Analysis of Modern Neural Network Methods for Visual Information Processing in High-Speed UAV Navigation Systems

Keywords: UAV, high-speed navigation, CNN, Vision Transformer, SLAM, Reinforcement Learning, edge computing, Jetson, TensorRT, quantization, pruning, hybrid architectures

Abstract

Relevance. The rapid evolution of Unmanned Aerial Vehicles (UAVs) from remotely piloted systems to fully autonomous high-speed aerial robots has intensified the demand for advanced onboard perception and navigation methods. This need is particularly acute in scenarios where computational latency, sensor noise, and environmental complexity undermine the reliability of classical computer-vision pipelines. Despite recent progress in deep learning, the existing approaches to visual information processing—especially CNN-based detectors, Transformer-based semantic models, and learning-enhanced SLAM modules—remain fragmented and insufficiently adapted to the strict Size, Weight and Power (SWaP) constraints of embedded platforms such as the NVIDIA Jetson series. This motivates a comprehensive analysis of modern neural architectures suitable for real-time, high-velocity UAV operations.

Purpose. The purpose of this study is to analyze state-of-the-art neural network methods for secondary visual processing in UAV navigation systems, compare the applicability of Convolutional Neural Networks (CNNs) and Vision Transformers (ViTs), evaluate their integration into SLAM pipelines, and determine the requirements for hybrid architectures capable of supporting fully autonomous, high-speed flight.

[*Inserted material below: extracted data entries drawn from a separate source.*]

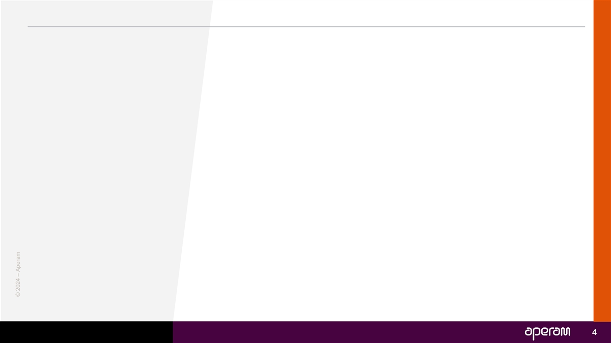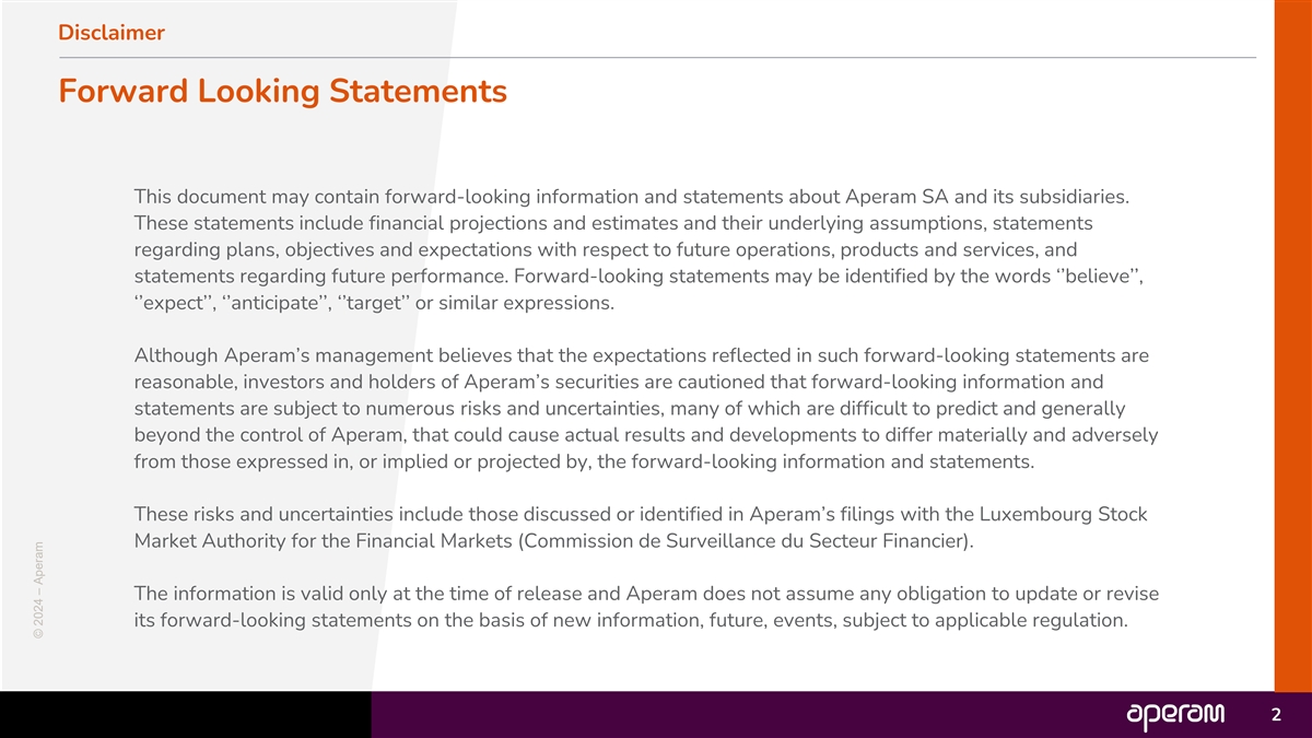 Disclaimer Forward Looking Statements This document may contain forward-looking information and statements about Aperam SA and its subsidiaries. These statements include financial projections and estimates and their underlying assumptions, statements regarding plans, objectives and expectations with respect to future operations, products and services, and statements regarding future performance. Forward-looking statements may be identified by the words ‘’believe’’, ‘’expect’’, ‘’anticipate’’, ‘’target’’ or similar expressions. Although Aperam’s management believes that the expectations reflected in such forward-looking statements are reasonable, investors and holders of Aperam’s securities are cautioned that forward-looking information and statements are subject to numerous risks and uncertainties, many of which are difficult to predict and generally beyond the control of Aperam, that could cause actual results and developments to differ materially and adversely from those expressed in, or implied or projected by, the forward-looking information and statements. These risks and uncertainties include those discussed or identified in Aperam’s filings with the Luxembourg Stock Market Authority for the Financial Markets (Commission de Surveillance du Secteur Financier). The information is valid only at the time of release and Aperam does not assume any obligation to update or revise its forward-looking statements on the basis of new information, future, events, subject to applicable regulation. 2 © 2024 – Aperam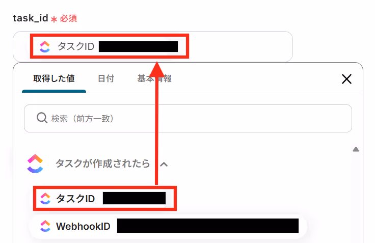 「task_id」は取得した値の中から選択しましょう。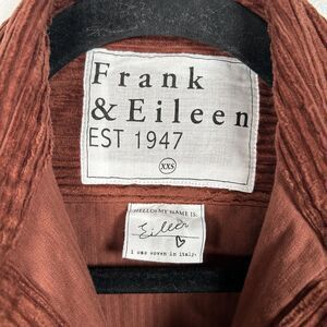 This western, designer, Italian, minimalist, bohemian, and classic themed shirt has accents of buttons and is from the brand Frank & Eileen. It comes in size XXS and is a regular fit. The fabric type is corduroy, which adds texture to the top. With its relaxed style, it is a basic yet stylish addition to any outfit.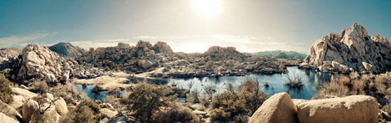 全景攝影是在多樣性中尋求統(tǒng)一,在多種動態(tài)因素之中建立平衡,折衷和妥協(xié)貫穿全景攝影以及后期制作的整個(gè)過程。全景攝影就更為復(fù)雜。在晴好天氣下,戶外全景攝影環(huán)拍的四面和天地上下明暗程度各不相同,反差極大,只能在多個(gè)不同亮度的部分中尋求平衡,在多個(gè)測光數(shù)據(jù)中作出折衷性選擇,讓強(qiáng)光區(qū)的曝光不至于太過,陰影區(qū)的景物也不至于曝光太欠。總之,全景攝影的每一個(gè)環(huán)節(jié)、每一個(gè)步驟都必須從整體的、全局的角度出發(fā)。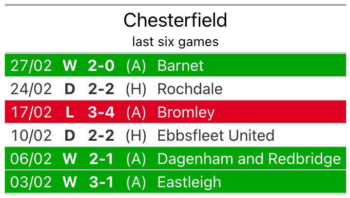 Chesterfield beat Barnet 2-0 last time out, on Tuesday, with Michael Jacobs and Tom Naylor on the scoresheet.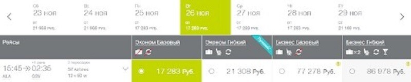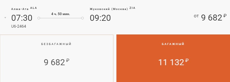 С 1 октября и до конца месяца в расписании есть совместный рейс с Air Astana, он долетает на час быстрее, но стоимость билетов выше. Самый дешевый тариф «Эконом Базовый» отсутствует, стоимость «Эконом Гибкий», куда включен багаж, начинается от 25000 рублей.

Methods. The research employs a comparative analysis of recent deep-learning approaches, including CNN-based detectors (YOLO family), Transformer-based visual models, deep-learning–enhanced SLAM components, and Deep Reinforcement Learning (DRL) control policies. Evaluation criteria include latency, semantic robustness, dynamic-scene handling, edge-hardware compatibility, quantization performance, pruning potential, and TensorRT optimization efficiency on NVIDIA Jetson devices.

Results. The study establishes that CNNs provide superior real-time performance and remain indispensable for high-frequency reflexive perception, while Vision Transformers offer stronger global context reasoning and robustness to occlusion but suffer from significant computational overhead on embedded GPUs. Deep-learning-based SLAM methods improve feature stability and dynamic-object rejection but require careful integration to maintain real-time constraints. Hardware analysis reveals that quantization, pruning, and TensorRT acceleration are critical for deploying deep models on Jetson-class platforms, although ViTs exhibit limited INT8 quantization tolerance. Based on these findings, the work formulates a conceptual hybrid architecture that combines CNN-driven reflexive processing with Transformer-driven cognitive reasoning.

Conclusions. The results confirm the necessity of developing hybrid neuro-architectures that integrate the speed and hardware efficiency of CNNs with the semantic depth of Transformer-based models. Such architectures represent a promising pathway toward reliable, fully autonomous high-speed UAV navigation. The proposed design principles emphasize hierarchical control, asynchronous perception loops, and hardware-aware optimization as key enablers for next-generation aerial robotic systems.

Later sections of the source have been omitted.